- [DIRECTIONS FOR THIS TASK]:
Print the listing below exactly, minus its pictures.

- [SUPPLIED MATERIAL]:
Content starts

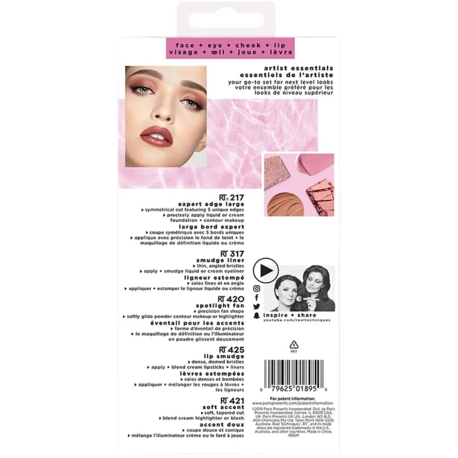De Real Techniques Artist Essentials Set bevat vijf nieuwe, unieke make-upkwasten en brengt je make-upskills naar een hoger niveau. De set bevat alle essentials voor het creëren van een professionele make-uplook.
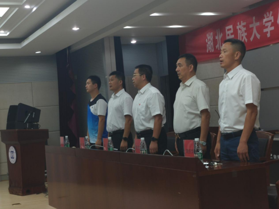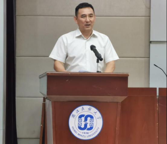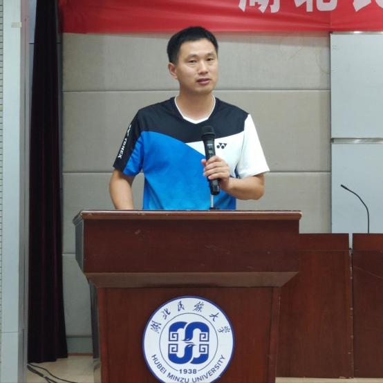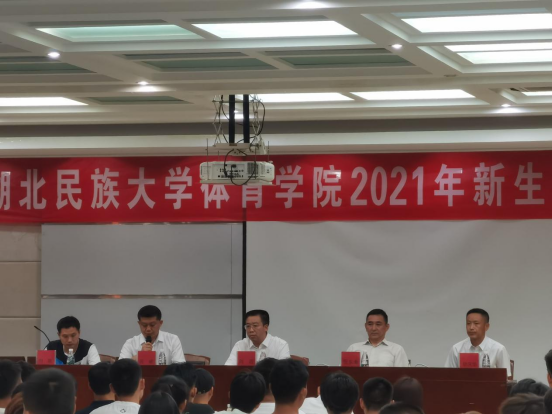大会第三项,体育学院党总支书记、院长倪东业致辞,在对新生表示热烈欢迎的同时希望进入湖北民大校园的同学们,要坚定事成好远,主动融入国家建设,勇于前行,确立新目标,新志向。在前进的道路没有捷径,希望同学在未来学习中,做到以下几点:
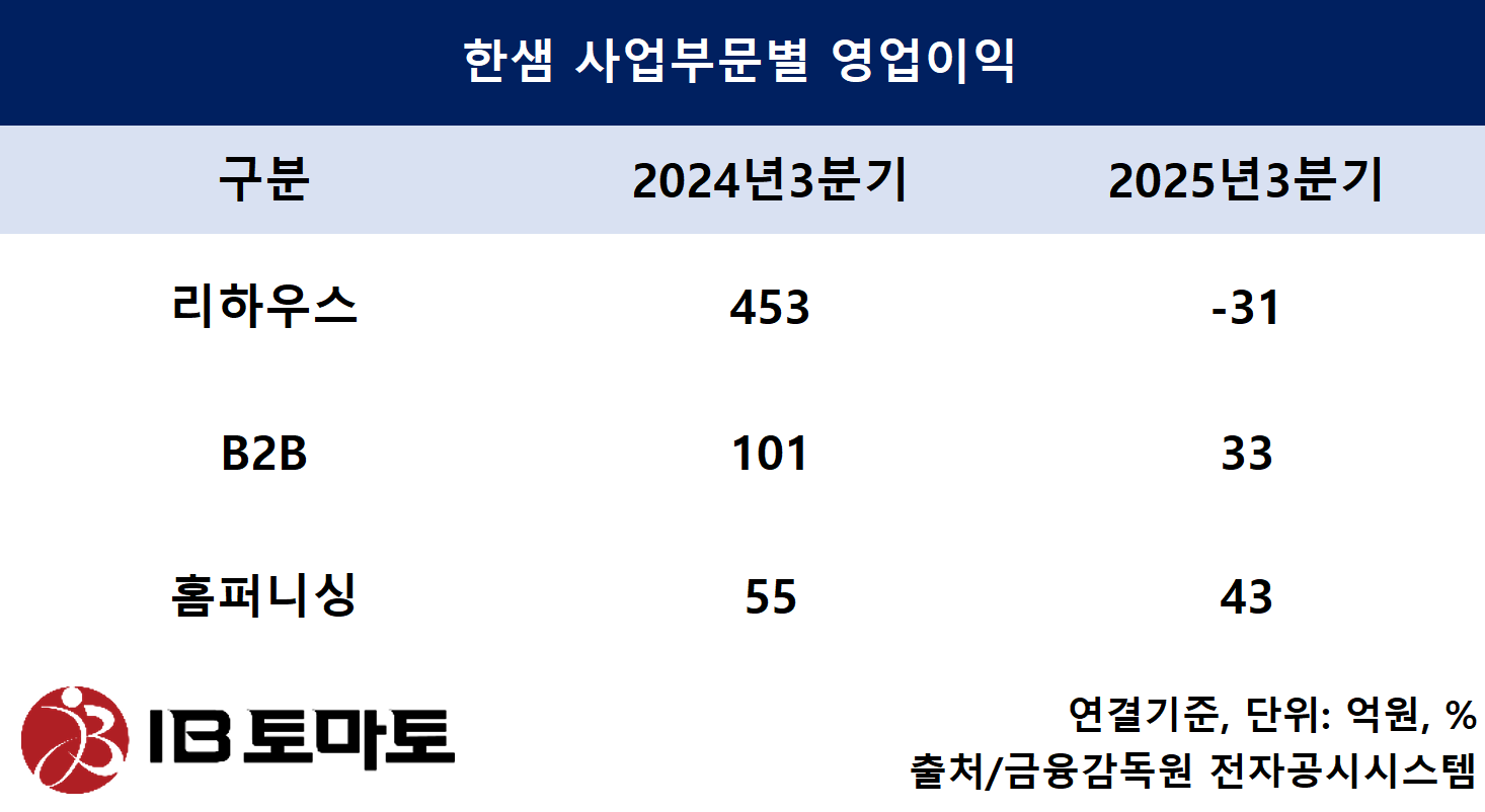 12일 금융감독원 전자공시시스템에 따르면 한샘은 올해 들어 리하우스 부문에서 지속적으로 영업손실을 내고 있다. 올해 3분기 리하우스 부문의 영업이익은 마이너스 31억원으로 지난해 동기(453억원) 대비 적자전환했다.

Content ends

- [ANSWER BOX]:
De Real Techniques Artist Essentials Set bevat vijf nieuwe, unieke make-upkwasten en brengt je make-upskills naar een hoger niveau. De set bevat alle essentials voor het creëren van een professionele make-uplook.
大会第三项,体育学院党总支书记、院长倪东业致辞,在对新生表示热烈欢迎的同时希望进入湖北民大校园的同学们,要坚定事成好远,主动融入国家建设,勇于前行,确立新目标,新志向。在前进的道路没有捷径,希望同学在未来学习中,做到以下几点:
 12일 금융감독원 전자공시시스템에 따르면 한샘은 올해 들어 리하우스 부문에서 지속적으로 영업손실을 내고 있다. 올해 3분기 리하우스 부문의 영업이익은 마이너스 31억원으로 지난해 동기(453억원) 대비 적자전환했다.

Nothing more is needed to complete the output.